Further, the raw material comprises 5-6 parts by weight of naphthenic oil.
By adopting the technical scheme, the naphthenic oil has high viscosity and low pour point, the mechanical property and the cold resistance of the foaming system can be enhanced when the naphthenic oil is filled into the foaming system, and the slip resistance of the sole can be improved while the processability is improved.
Further, the raw materials comprise 2-4 parts of PFPE (Poly-butylenes ether PE) by weight, and the polymerization degree of the PFPE is within 100.

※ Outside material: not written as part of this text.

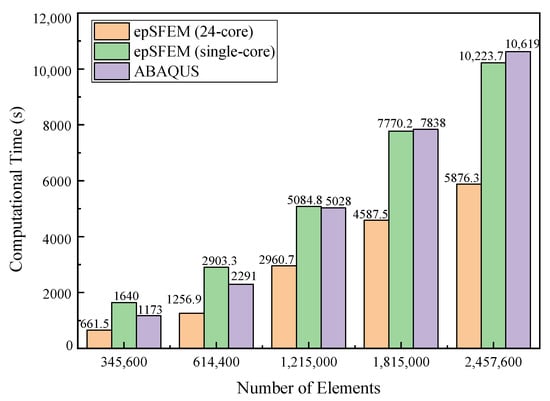 Compared with FEM, the calculation of the S-FEM has the following two differences. First, we need to construct the smoothing domains and modify or reconstruct the strain field in the S-FEM. Moreover, because the smoothing domain may involve a portion of adjacent elements, the memory requirements for S-FEM will be larger [7]. The two differences mentioned above may lead to a higher computational cost for the S-FEM than the FEM for the same grid structure. However, given the calculation cost, the results calculated by the S-FEM model are more accurate than the FEM, and thus, achieve higher efficiency. To make S-FEM more applicable to large-scale engineering problems, parallel strategies of multicore CPUs and/or multicore GPUs are usually used to improve and optimize the computational power of S-FEM.

By adopting the technical scheme, the perfluoropolyether (PFPE) has good lubricating property, the EVA foaming system can cause the processing property of the system to be reduced under the tackifying effect of the carbon nine resin and the entanglement of the OBC molecules and the POE molecules, and the added perfluoropolyether can play the roles of softening and lubricating, so that the components can be fully dispersed in the system, and the processing efficiency and the product quality can be ensured. In addition, the perfluoropolyether has higher volatility and is volatilized continuously in the preparation process, so that the processing performance of the EVA foaming composite system can be improved after the perfluoropolyether is added, and a negative effect cannot be generated for a final product.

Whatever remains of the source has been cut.